Face à des objectifs dont la conciliation « ne va pas de soi », le ministère a « décidé de développer l’hydroélectricité dans la limite de la cohérence de ce développement avec les autres exigences de même importance ».
La convention prévoit notamment un effort de recherche sur certaines espèces, la mise aux normes des ouvrages existants et l’effacement de 40.000 barrages en déshérence.
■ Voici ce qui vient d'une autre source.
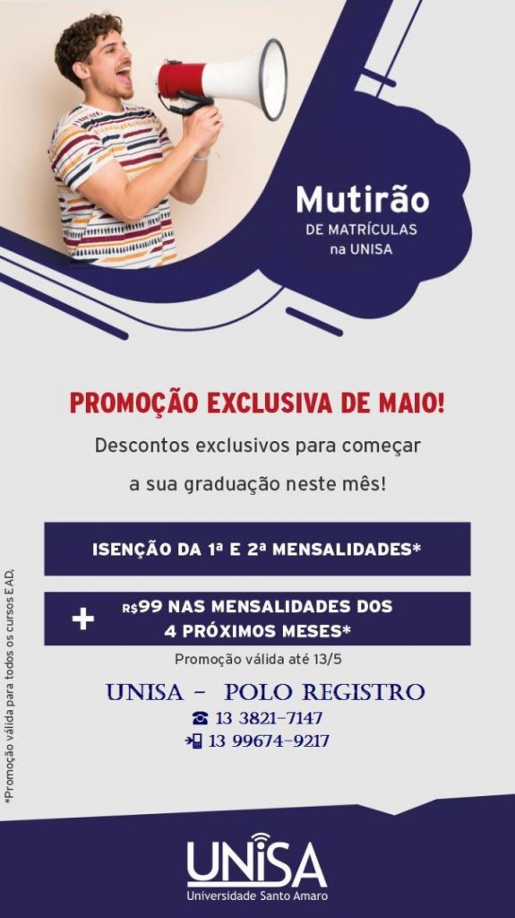 As matrículas estão abertas até 26 de maio e deverão acessar o site www.unisa.br ou ligue (13) 99674-9217 (Polo Registro).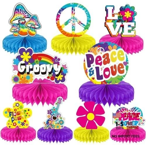 60's Hippie Party Honeycomb Centerpieces 70's Themed Party Supplies Table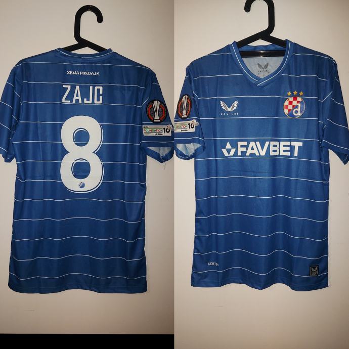 Prodajam rabljen nogometni dres Dinama Zagreb s številko 8 in imenom Miha Zajc, velikosti L. Dres je iz sezone 25/26 in je v modri barvi z belimi črtami. Odličen dodatek za vsakega navijača ali zbiratelja nogometnih dresov.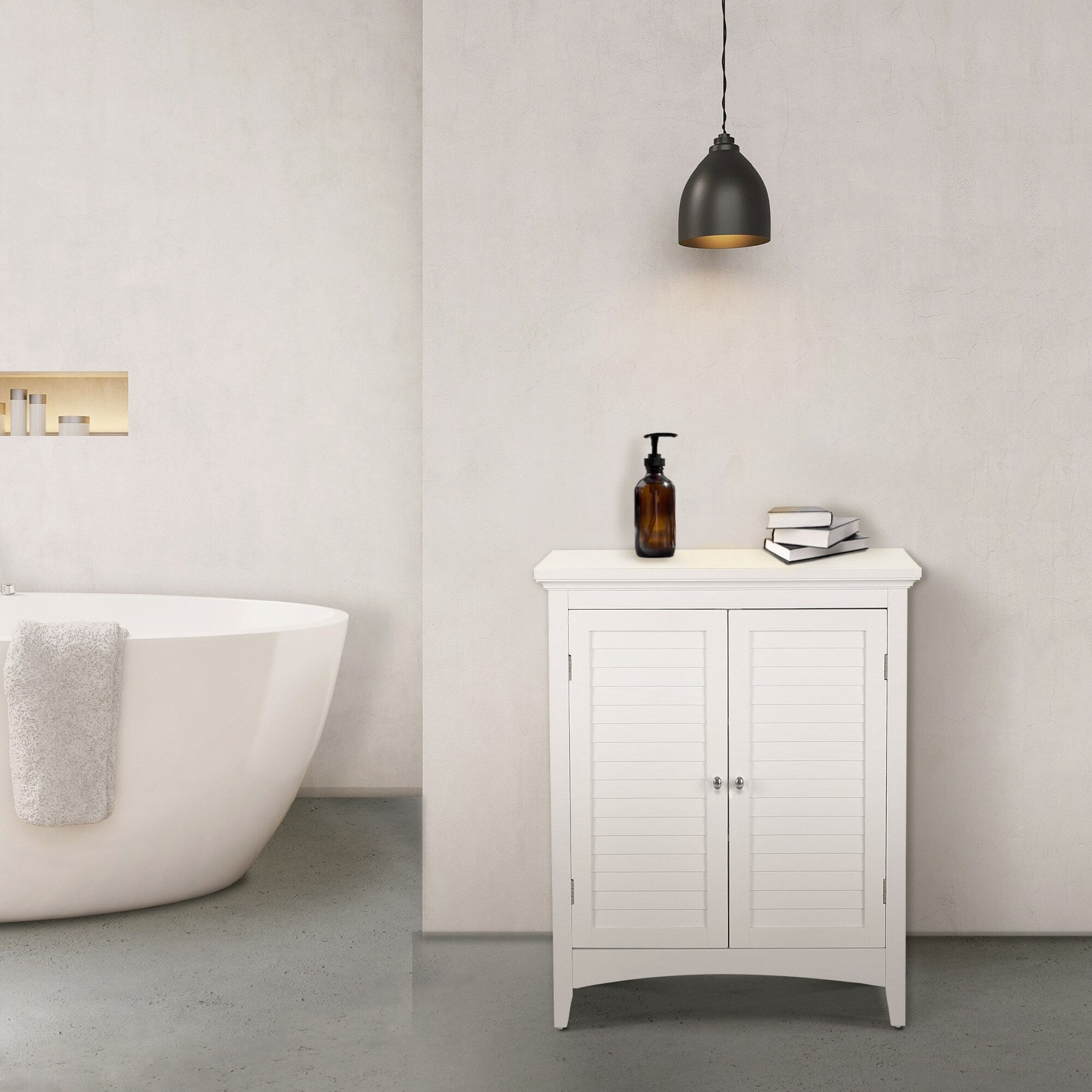Upgrade your storage solutions with the Teamson Home Glancy Freestanding Linen Cabinet, crafted to bring both style and organization to your home. With a clean white finish and elegant crown molding, this cabinet is as versatile as it is graceful, efficiently utilizing small spaces for maximum storage.

Détail:
– « Effort sur la recherche relative à la connaissance des espèces, des impacts des ouvrages comme l’illustre en particulier le lancement d’un programme de recherche et développement sur l’anguille d’un montant de 4 millions d’euros (pris en charge par l’ONEMA, l’ADEME et les producteurs),
– effort de mise aux normes des ouvrages existants par le respect des obligations légales (débit réservé et passes à poissons sur les cours d’eau où elles sont obligatoires), accompagné d’un meilleur suivi des impacts, et la mise en place de démarches «gagnant-gagnant» pour l’amélioration de la continuité écologique,
– un grand plan d’effacement des ouvrages hydrauliques en déshérence (plus de 40.000 dont 1.200 effacés d’ici 2012),
– effacement de 5 ouvrages hydroélectriques, dont ceux de La Roche-qui-Boit et de Vezins sur la Sélune, dans le département de la Manche,
– identification du potentiel de développement de l’hydroélectricité dans les secteurs où les enjeux environnementaux sont moindres, en cohérence avec la révision des classements de cours d’eau, afin de se donner les moyens d’atteindre à la fois un objectif de développement de la production hydroélectrique de 3 TWh par an d’ici 2020 et l’objectif de bon état d’au moins 66 % des masses d’eau en 2015″.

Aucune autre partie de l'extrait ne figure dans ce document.